India has a federal form of government, and labour being a subject in the Concurrent List, both the central and state governments can and have legislated on child labour.

=== Factories Act, 1948 ===
The Act prohibits the employment of children below the age of 14 years in any factory. The law also placed rules on who, when and how long can pre-adults aged 15–18 years be employed in any factory

=== Mines Act, 1952 ===
The Act prohibits the employment of children below 18 years of age in a mine.

=== The Child Labour (Prohibition and Regulation) Act, 1986- ( CLPR Act )===
The CLPR Act prohibits employment of any person below the age of 14 (deemed a "Child") in any employment, including as a domestic help, except in helping their own family in non-hazardous occupations. Children between age of 14 and 18 are instead defined as "Adolescent", and the law allows them to be employed except in mining, flammable substance- and explosives-related work, and other hazardous processes.

=== Right of Children to Free and Compulsory Education Act, 2009 ===
The law mandates free and compulsory education to all children aged 6 to 16 years. This legislation also mandated that 25 percent of seats in every private school must be allocated for children from economically disadvantaged groups (though implementation gaps remained).

India formulated a National Policy on Child Labour in 1987. This Policy seeks to adopt a gradual & sequential approach with a focus on rehabilitation of children working in hazardous occupations. It envisioned strict enforcement of Indian laws on child labour combined with development programs to address the root causes of child labour such as poverty. In 1988, this led to the National Child Labour Project (NCLP) initiative. This legal and development initiative continues, with a current central government funding of Rs. 6 billion, targeted solely to eliminate child labour in India. Despite these efforts, child labour remains a major challenge for India.

==Causes==
For much of human history and across different cultures, children less than 18 years old have contributed to family welfare in a variety of ways. UNICEF suggests that poverty is the biggest cause of child labour. The report also notes that in rural and impoverished parts of developing and undeveloped parts of the world, children have no real and meaningful alternative. Schools and also teachers are unavailable. Child labour is the unnatural result. A BBC report, similarly, concludes poverty and inadequate public education infrastructure are some of the causes of child labour in India.

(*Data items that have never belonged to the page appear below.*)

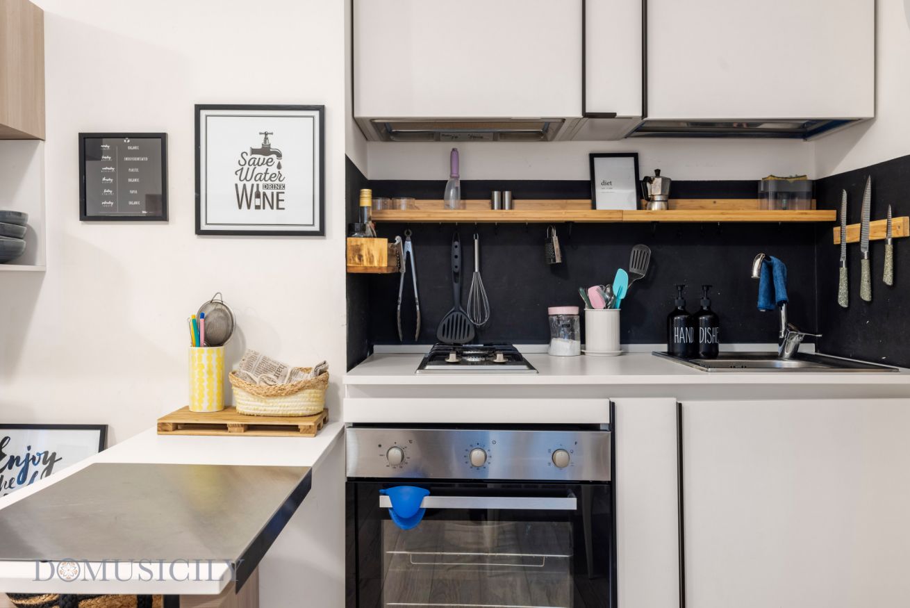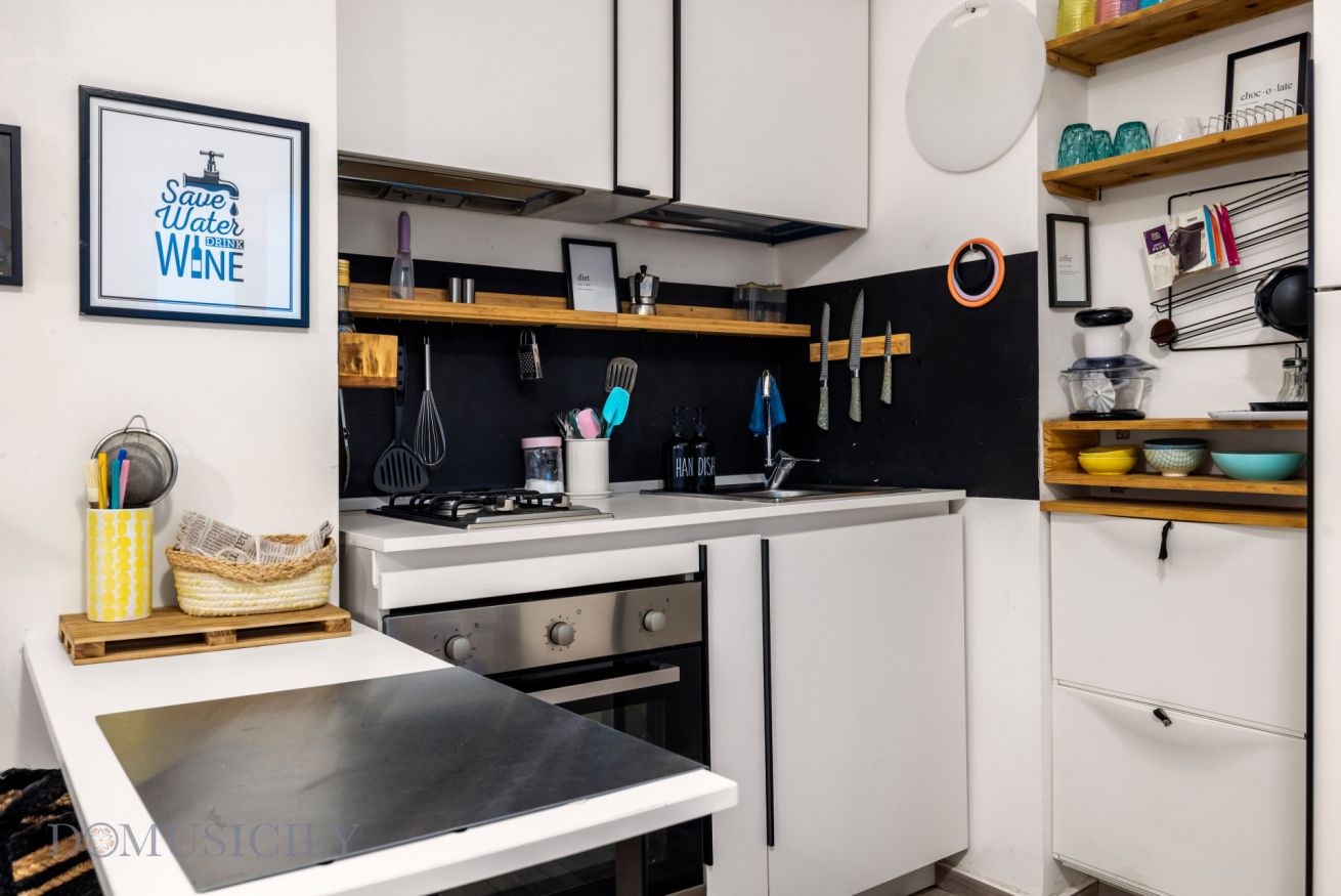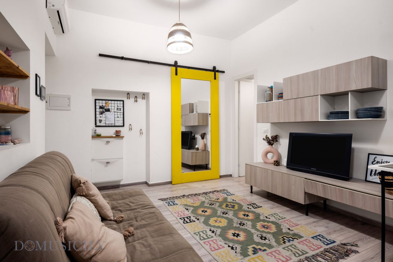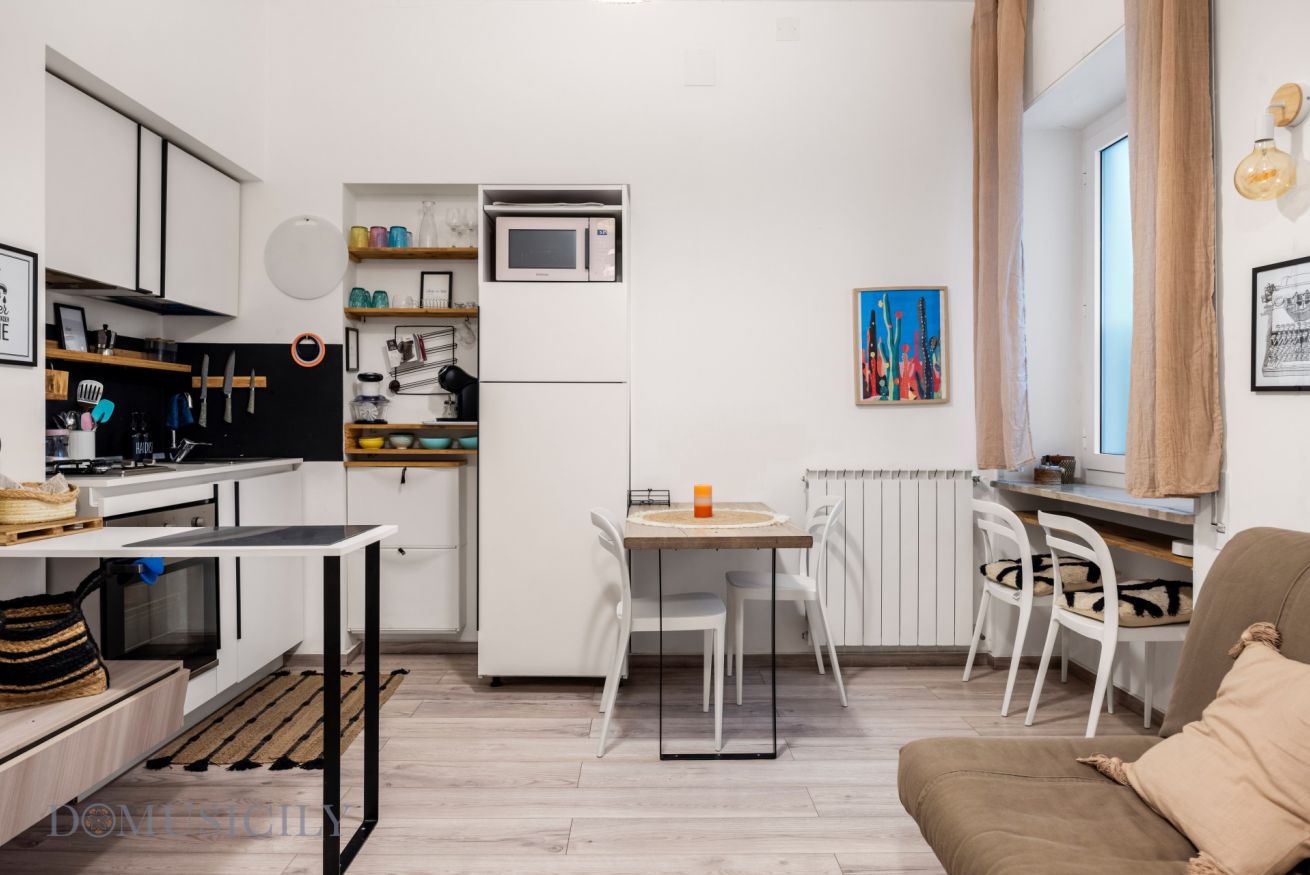 L’immobile è composto da una luminosa zona living con cucina a vista, una confortevole camera matrimoniale e un bagno moderno. Gli ambienti sono arredati con gusto contemporaneo, combinando tonalità calde, materiali naturali e soluzioni funzionali che creano un’atmosfera accogliente e rilassante.
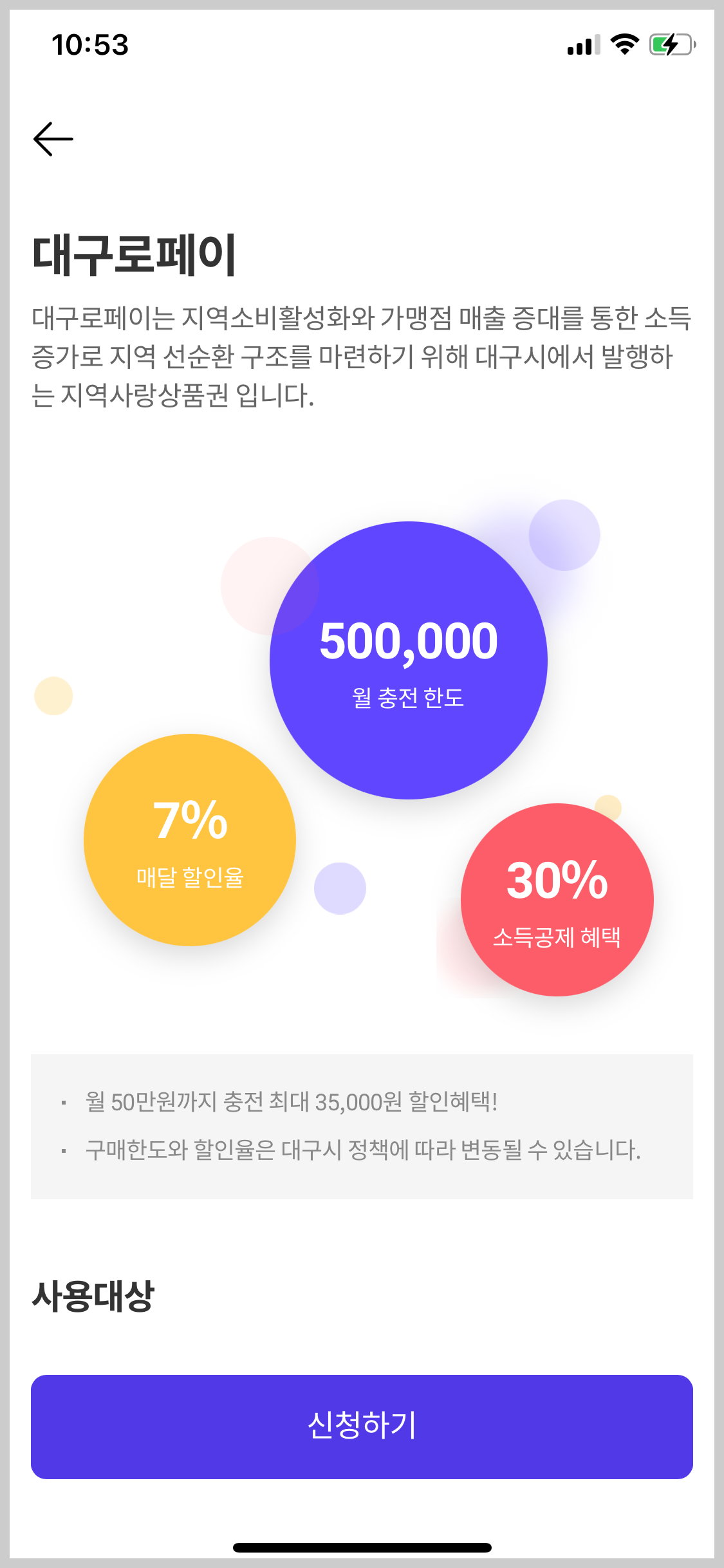 *충전한도 및 할인율은 대구시 정책에 따라 변경 될 수 있습니다.
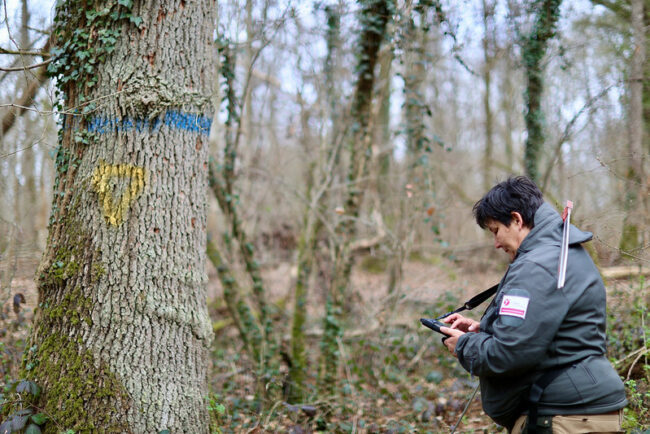 « Là, quand on voit en bord de chemin, un arbre avec un chevron bleu numéroté, ça signifie que c’est l’entrée d’un cloisonnement. Et quand on avance dans le boisement on trouve des traits bleus horizontaux et verticaux. Les traits horizontaux correspondent à l’emprise du cloisonnement, du passage. Ces arbres-là ont vocation à rester. Ceux qui ont un trait vertical sont ceux qui doivent être martelés et enregistrés pour la coupe de bois car ils sont au milieu du passage. Tous les 24 mètres on va créer une ouverture dans la forêt pour la circulation des engins forestiers. »
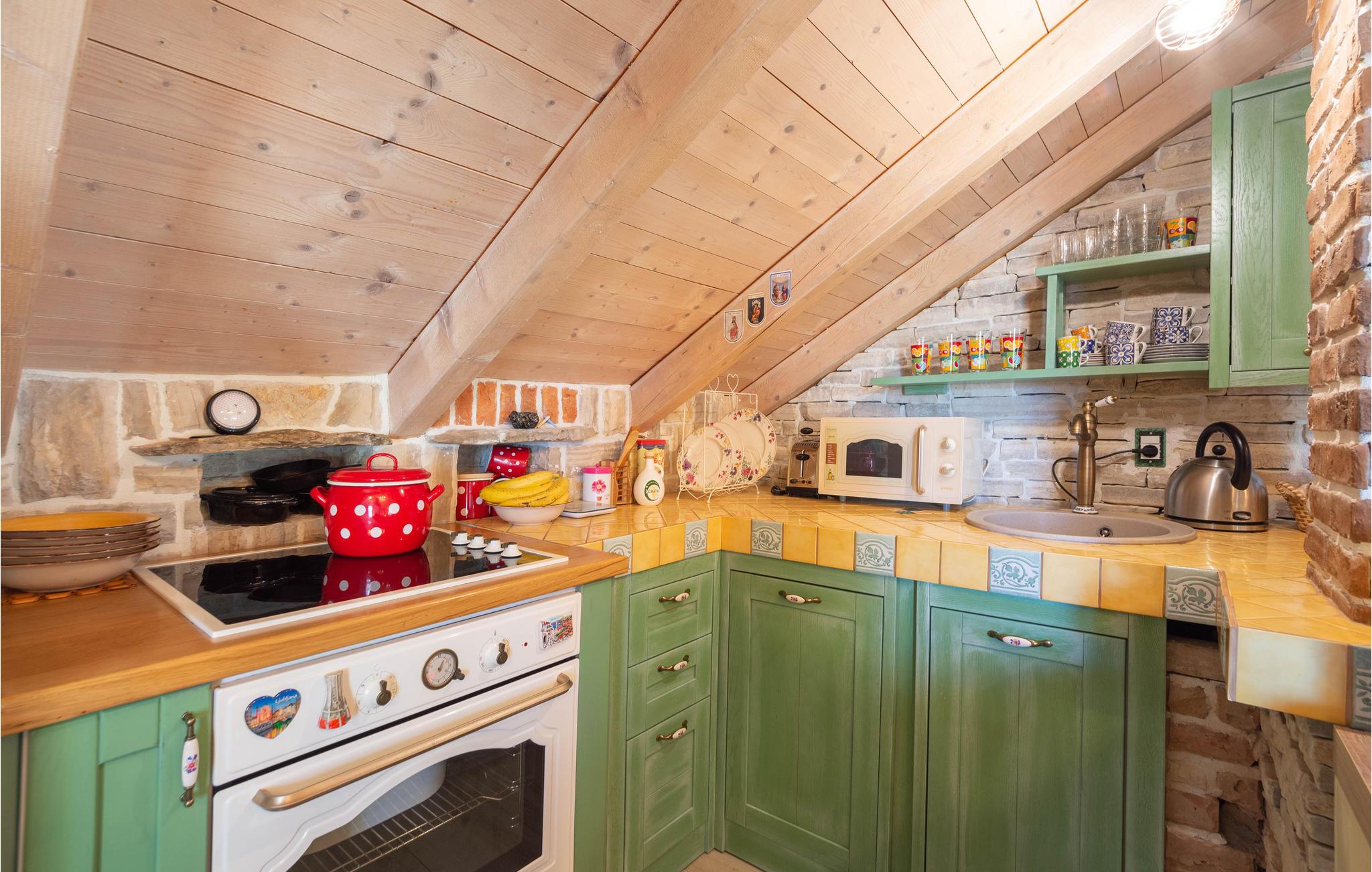 Hvis I trænger til lidt afveksling, er der 14 km til en dejlig grusstrand, hvor I kan bade i krystalklart vand. Der er restaurant og indkøbsmuligheder i gåafstand fra huset.

Between boys and girls, UNICEF finds girls are two times more likely to be out of school and working in a domestic role. Parents with limited resources, claims UNICEF, have to choose whose school costs and fees they can afford when a school is available. Educating girls tends to be a lower priority across the world, including India. Girls are also harassed or bullied at schools, sidelined by prejudice or poor curricula, according to UNICEF. Solely by virtue of their gender, therefore, many girls are kept from school or drop out, then provide child labour.

The international labour organisation (ILO) and Spreading Smiles Through Education Organisation (OSSE) suggests poverty is the greatest single force driving children into the workplace. Income from a child's work is felt to be crucial for his/her own survival or for that of the household. For some families, income from their children's labour is between 25 and 40% of the household income.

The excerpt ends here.